I was wrong, I can still reproduce this bug with 2.6.38 and 2.6.39-rc6.

> > I can't decide whether there is still need for a fix in the kernel.
> 
> Well your description matched others where the patch was useful, so assuming
> that it would have helped here:
> 
> commit 29c5a587284195278e233eec5c2234c24fb2c204
> Author: Chris Wilson <chris@chris-wilson.co.uk>
> Date:   Thu Mar 17 15:23:22 2011 +0000
> 
>     drm/i915: Fix tiling corruption from pipelined fencing
> 
>     ... even though it was disabled. A mistake in the handling of fence reuse
>     caused us to skip the vital delay of waiting for the object to finish
>     rendering before changing the register. This resulted in us changing the
>     fence register whilst the bo was active and so causing the blits to
>     complete using the wrong stride or even the wrong tiling. (Visually the
>     effect is that small blocks of the screen look like they have been
>     interlaced). The fix is to wait for the GPU to finish using the memory
>     region pointed to by the fence before changing it.
> 
>     Bugzilla: https://bugs.freedesktop.org/show_bug.cgi?id=34584
>     Cc: Andy Whitcroft <apw@canonical.com>
>     Cc: Daniel Vetter <daniel.vetter@ffwll.ch>
>     Reviewed-by: Daniel Vetter <daniel.vetter@ffwll.ch>
>     [Note for 2.6.38-stable, we need to reintroduce the interruptible
>     passing]
>     Signed-off-by: Chris Wilson <chris@chris-wilson.co.uk>
>     Tested-by: Dave Airlie <airlied@linux.ie>

As the problem still exists in 2.6.39-rc6 and I cannot see this patch either in mainline nor in 2.6.38-stable, what will be the next step? Please also notice that I wasn't able to test it since it does not apply against .38.
Comment 9 Rafael J. Wysocki 2011-05-14 22:29:19 UTC
Fixed by commit 29c5a587284195278e233eec5c2234c24fb2c204 .
Comment 10 Stefan Bauer 2011-05-23 15:54:36 UTC
(In reply to comment #9)
> Fixed by commit 29c5a587284195278e233eec5c2234c24fb2c204 .

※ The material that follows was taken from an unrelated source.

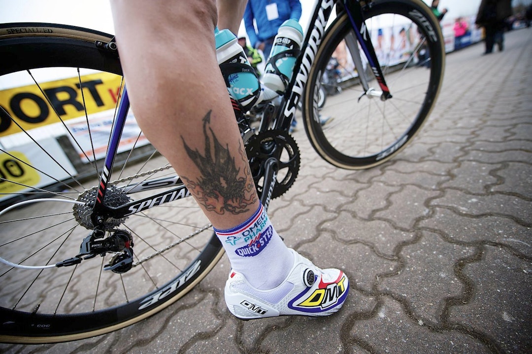 Sylvain Chavanel ser unektelig ung og uskyldig ut. Bak ansiktet som har svigermors drøm nærmest skrevet i pannen, finner vi en av feltets mest aggressive syklister. Det er med andre ord mye tolkbar symbolikk i den ildsprutende dragen han tar tatovert nede på høyre legg, elegant plassert rett over sokkekanten.
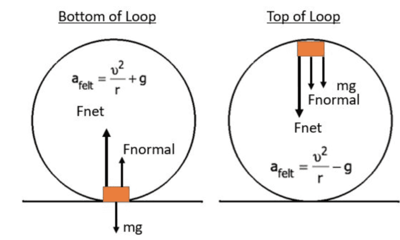 Coincidence that they are depicted nearly equal, but the gravity vector is a function only of mass (and distance from Earth if it's a really tall loop), whereas the normal force is a function of mass, loop radius, and the speed at which the loop is taken.mancity said:why is the normal force at the top of a rollercoaster loop the same direction as the force of gravity?

I'm sorry, but this issue isn't solved completely. I can still reproduce errors as following just by using Chromium on some Javascript and image intensive websites:

[drm:i915_hangcheck_elapsed] *ERROR* Hangcheck timer elapsed... GPU hung
[drm:i915_wait_request] *ERROR* i915_wait_request returns -11 (awaiting 59733 at 59731, next 59734)
[drm:i915_reset] *ERROR* Failed to reset chip.

I'm currently using:
Linux 2.6.39
xorg-server 1.9.5
libdrm 2.4.25
xf86-video-intel 2.14.0
mesa 7.10.2
chromium 11.0.696.68
Comment 11 Stefan Bauer 2011-05-30 05:43:45 UTC
Just to complete the picture: Since 2.6.39, the effects of this GPU hangers aren't that drastic anymore; the system remains responsible. But here is what I just experienced:
- surfed with Chromium on google.com
- suddenly: X-Server completely blocked for about 2 sec
- X-Server recovered somehow, but lots of colors are confused, fonts are rendered incorrectly
- But windows still could be moved, closed etc.
- dmesg says "GPU hung" like in comment #10
- to be evil, now try to run glxgears
- X/kdm (?) crashed and restarted immediately, I log back in
- colors / fonts look fine now!
- try to run glxgears again: works fine now!
- the only thing that's still not working is XVideo

I will be testing 3.0-rcx sooner or later, hopefully we get this issue fixed for 3.0 ;)
Comment 12 Stefan Bauer 2012-01-30 12:11:21 UTC
This issue is solved in the meanwhile.
Comment 13 Florian Mickler 2012-01-30 22:15:38 UTC
Do you have a pointer to the fix?
Else we rather close this as unreproducible.
Comment 14 Stefan Bauer 2012-01-31 09:30:31 UTC
(In reply to comment #13)
> Do you have a pointer to the fix?

Not really. v3.0 works, v2.6.39 doesn't, but I don't know which exact commit fixed it.

> Else we rather close this as unreproducible.

I'm fine with unreproducible, thanks.